Die nun absehbare Renaissance in neuer Aufmachung stützt sich vordergründig auf Volkes Stimme. Schießlich hatte Bürgermeister Jürgen Rogg vor geraumer Zeit angekündigt, die Aktion „Stimmungstest auf unserer Internetseite“ werde künftig gezielt eingesetzt, um bei (ausgewählten) Fragen von öffentlichem Interesse eine Rückkopplung zur Bevölkerung zu gewährleisten.
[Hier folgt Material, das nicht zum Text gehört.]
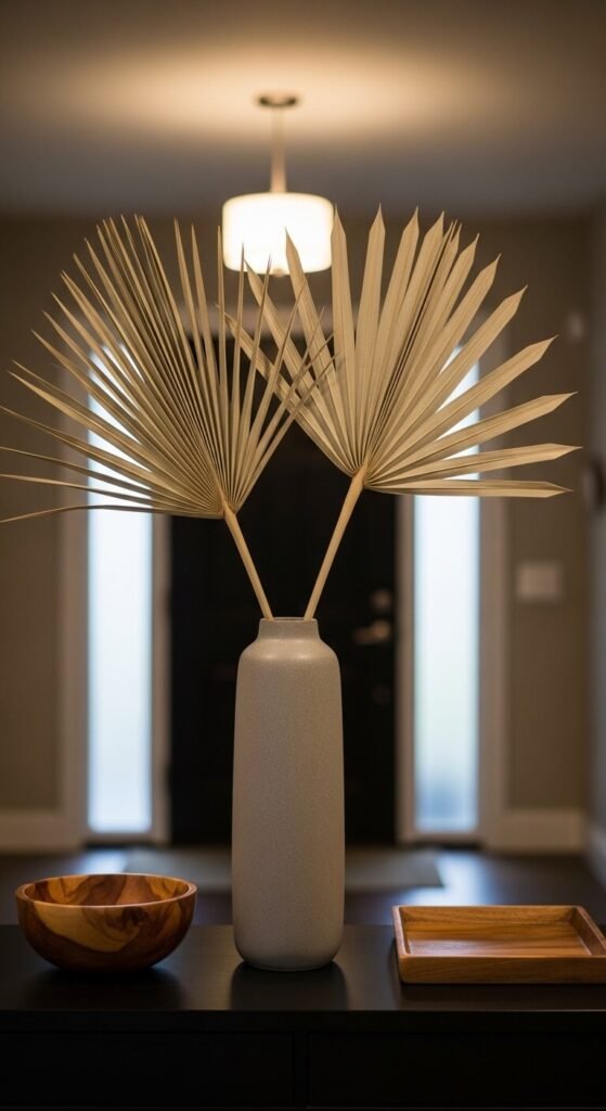 Your entryway sets the tone for your whole home. A taller ceramic vase with long dried palm fronds or grasses immediately signals intention. Go for something with a subtle glaze — stone, bone, or dark charcoal. Place it to the side of the table rather than centered for a more casual look. Keep the rest of the surface clean so the vase gets full attention. Tall narrow ceramic vases are widely available at Target and Amazon for $18–$35.

Dass ein Mehrheitswunsch aber nicht automatisch gleichbedeutend mit der Parole „wird sofort erledigt“ ist, erfuhren die Nutzer des Mitsprache-Angebots im vergangenen Jahr, als gefragt wurde: „Trimm-Dich-Pfad am Hexenberg erhalten oder nicht?“ Über 80 Prozent der Teilnehmer votierten für den Erhalt – doch der Magistrat entschied: „Die Geräte werden abgebaut. Die mit aufwendigem Baumschnitt einhergehende Bestandspflege wäre viel zu teuer.“ So diente die angespannte Finanzlage als Begründung.
Zu Beginn des Jahres wurden Fakten geschaffen. Der Parcours, der knapp 40 Jahre lang Freizeitsportler angelockt hatte, existiert nicht mehr. Fazit: Fehlendes Geld wiegt mehr als Basisdemokratie.